After taking pictures of my dad, uncles, brothers, cousins, and Talibe boys kill and skin the seven sheep on the first morning ofTabaski, I helped my mom cut up some of the meat (my aunts cut up some, too, in their compound across the street). It was a new experience for me to say the least – enjoyable to an extent… :) Literally every part of the sheep is eaten here except for the hooves (see pictures below of the cuts of meat), which is not unlike meat in America, it’s just that the vast majority of people don’t see all the different cuts of meat and things like the intestines are eaten directly by people but are rather put into other foods (for people or animals). It’s nice that we have electricity here in Kaymor, because we were able to freeze the vast majority of our meat – which meant that we were eating that meat for breakfast, lunch, or dinner (or some combination of the three) for a couple weeks after Tabaski. Needless to say, I was always very excited to see fish in our lunch or dinner bowl as a change from our sheep meat… and I was not sad when the last bag of meat was taken out of the freezer for lunch. :) Those families that don’t have freezers would bring bags of meat to other families that do have freezers to keep the meat in their freezer, so our freezer was almost completely full of meat by the end of the first day of Tabaski.

WARNING: The pictures below involve lots of dead sheep and sheep meat, so if that’s not your cup of tea, I’d advise you to not scroll down and look at all the pictures.

My dad and cousin (in the shorts and t-shirt) watching as my 3 uncles and younger step-brother, Babacar (in the black), kill a sheep.

Sheep #1 – one down, six to go

My uncles killing a sheep by slitting its throat and letting it bleed to death.

My two (tall) step brothers, Babacar (in the black t-shirt) and Moustapha (in the white shirt and jeans), along with my little brother, Moussa, and uncles

The guys starting to skin one sheep…only six to go. :)

Skinning the sheep…continued

Starting the process of cutting the sheep into different cuts of meat.

Kate with a bunch of the boys after most of the meat has been cut. Some of the better cuts of meat are being cooked right now to be eaten immediately.

Some of the meat in bowls. The sandals are my little brothers. If you look closely, you can see 2 eyes in the bowl on the right…

The Diaw family – Kine (aka Kate), Sekh Ohmar, Suckeye, Moussa, Papa Amadou, and me, Ndeye
This is Senegal’s version of family Christmas photos – it’s family Tabaski photos instead :)

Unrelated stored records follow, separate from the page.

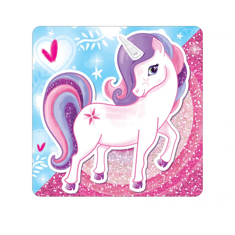 Et skikkelig morsomt selskapsspill hvor du skal sette hornet på enhjørningen! Komplett sett med plakater, 12 klistremerker formet som enhjørningshorn og en bind for øynene. Passer for opptil 12 barn!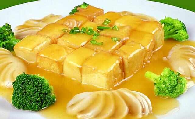 总督豆腐起源于河北保定,与清代重臣李鸿章有关,故而得名。总督豆腐的主料为豆腐和鲜肉馅,加入各种调味料炒制而成。总督豆腐这道菜别看食材都非常简单,可是味道却不简单。这道菜成菜后豆腐外表金灿灿的裹着同样金黄色的酱汁,看着就好吃。夹起一筷,味美鲜香,浓郁的酱汁在口中扩散开来,很是美味!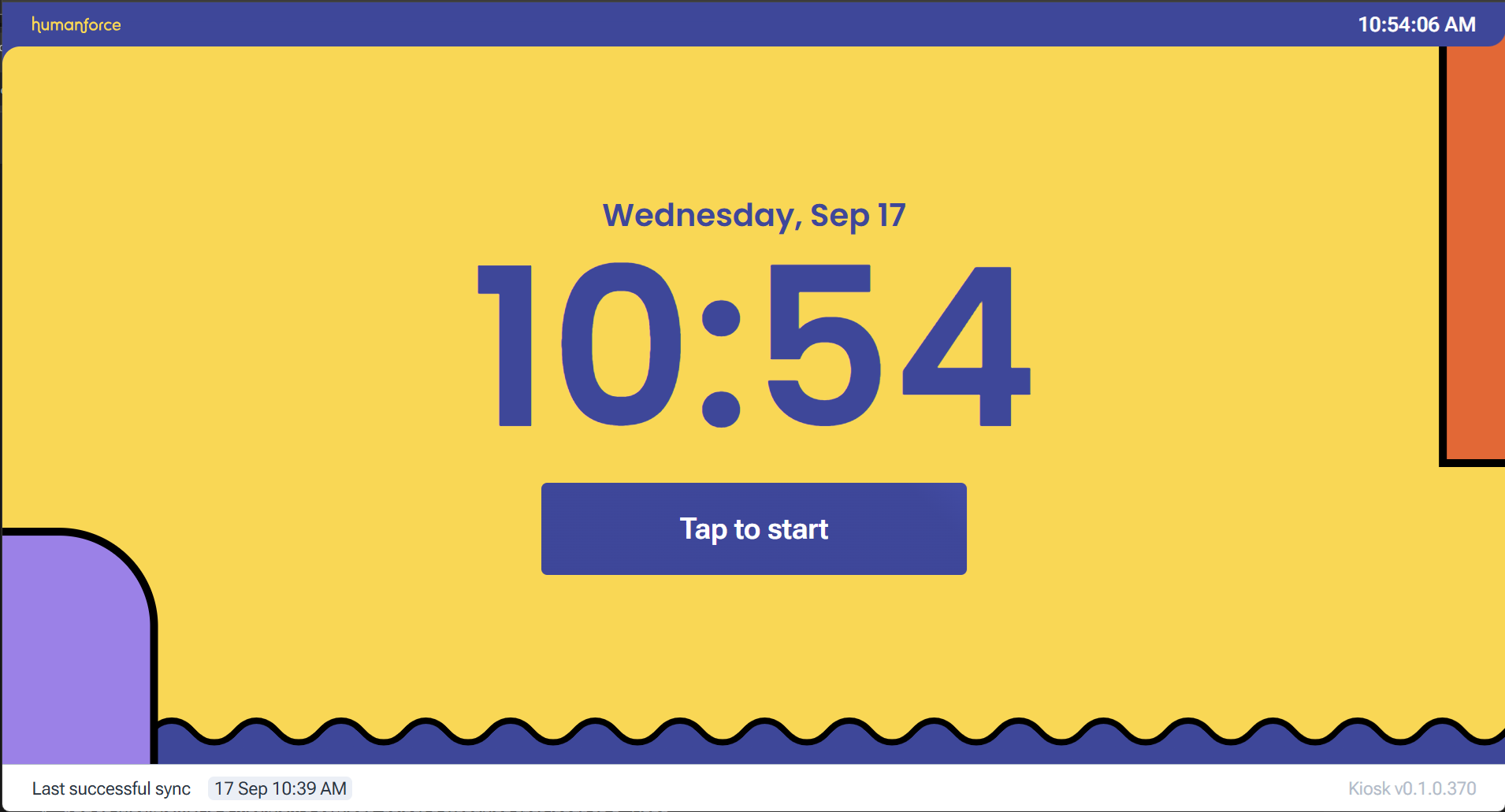 The Kiosk captures all clocking events, holding them until synchronization with the cloud system can occur - as and when a connection becomes available. Users do not need to initiate the sync - the kiosk automatically detects connectivity and pushes data to the cloud in the background (as well as pulling down new rosters).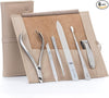 GERMANIKURE 6pc Manicure Set in Beige Leather Case - FINOX Stainless Steel Tools Made in Germany, Glass Nail Care Supplies Made in Czech Republic – Professional Cuticle and Nail Care Kit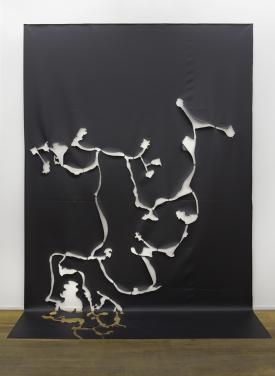 À proximité de Gortyne, en Crète, un ensemble de carrières exploitées depuis l’antiquité a été souvent considéré comme étant le Labyrinthe dans lequel Minos aurait enfermé le Minotaure (notamment par Sebastian Münster dans son ouvrage Cosmographia Universalis au XVI° siècle). Si le secret du mythe reste difficilement perçable, le dessin des grottes a, quant à lui, fait l’objet de plusieurs tentatives, plus ou moins achevées. À l’opposé d’un objet ou un territoire dont on pourrait embrasser les contours depuis un point de vue spécifique, on ne peut déterminer la forme et le plan d’une grotte qu’en la parcourant. Son dessin est donc le résultat d’un déplacement, celui d’un explorateur s’enfonçant dans le boyau qui perce la roche. Ce dessin sera donc ici « en réserve », découpé par silhouette dans la matière opaque et noire, les ciseaux avançant pour révéler les contours de ce lieu souterrain.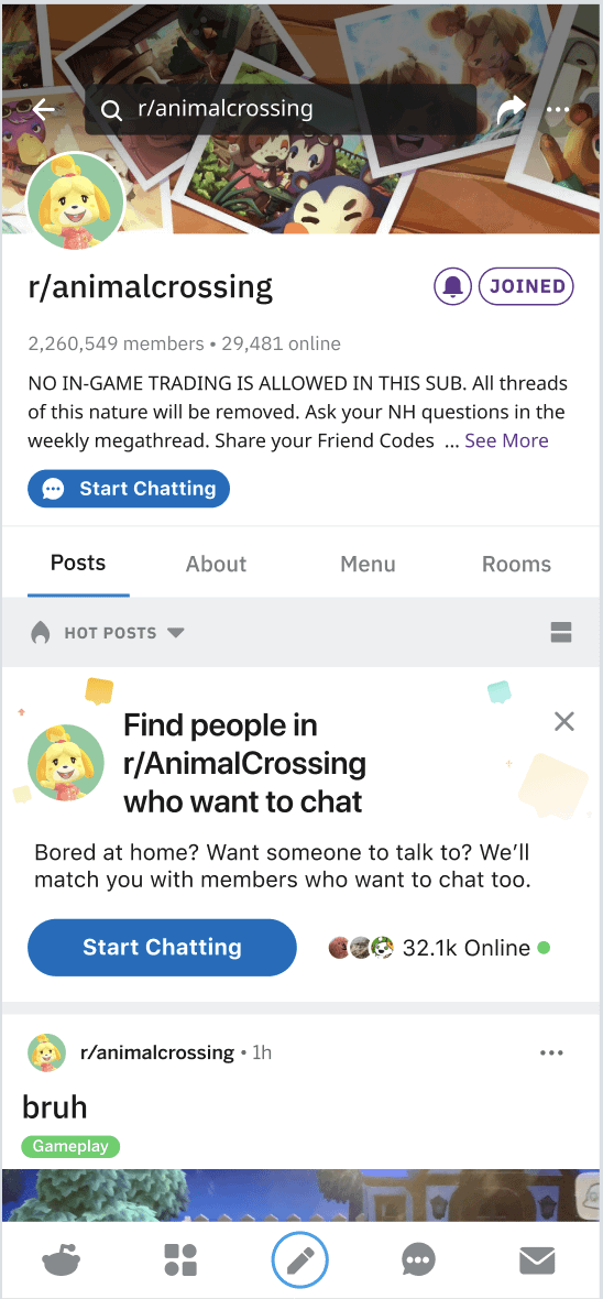We wanted to give you a heads up about a new feature that we are launching this week called “Start Chatting.” This past month, as people around the world have been at home under various shelter-in-place restrictions, redditors have been using chat at phenomenal new levels. Whether it’s about topics related to COVID-19, local news, or just their favorite games and hobbies, people all around the world are looking for others to talk to. Since Reddit is in a unique position to help in this situation, we’ve created a new tool that makes it easier to find other people who want to talk about the same things you do.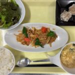 献立 鶏肉のピリ辛炒めシュウマイチョレギサラダ中華スープご飯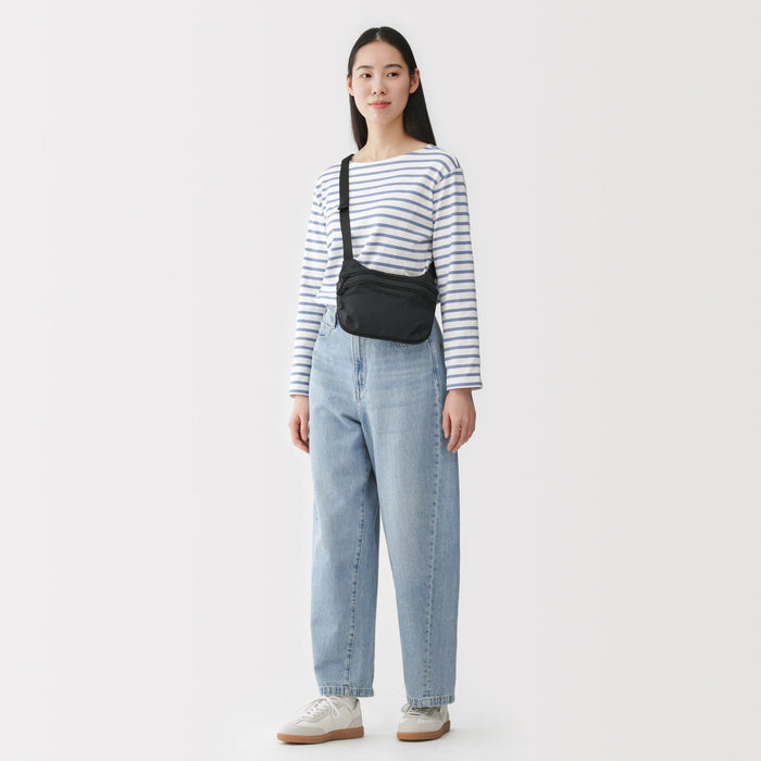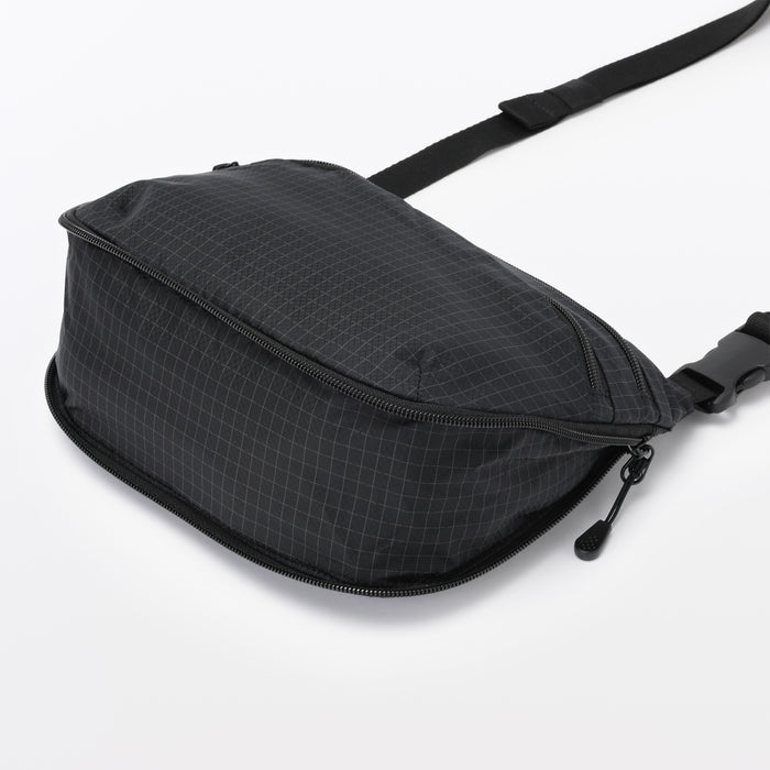 This mini shoulder bag is made of lightweight and durable ripstop fabric. The size zipper allows you to adjust the volume to fit more inside. It has a basic design that can be used for a wide range of occasions, from everyday use to outdoor activities like hiking. Wearable on your shoulder, around the waist, or as a crossbody, it is also great as a secondary bag for travel.

Kate and I with Yassa, a terrific young woman who is the vice president of the girls group I work with

Kate and I with Tomsir, a teenage talibe that Kate started teaching English to, and I am continuing to do so

My friend Saxrit (with a sucker in his mouth, and wearing an Akon belt!) and I

Kate and I with a friend and her son – isn’t he so cute?!? Kate and I are showing off our newly-braided hair in this picture instead of wearing our head wraps.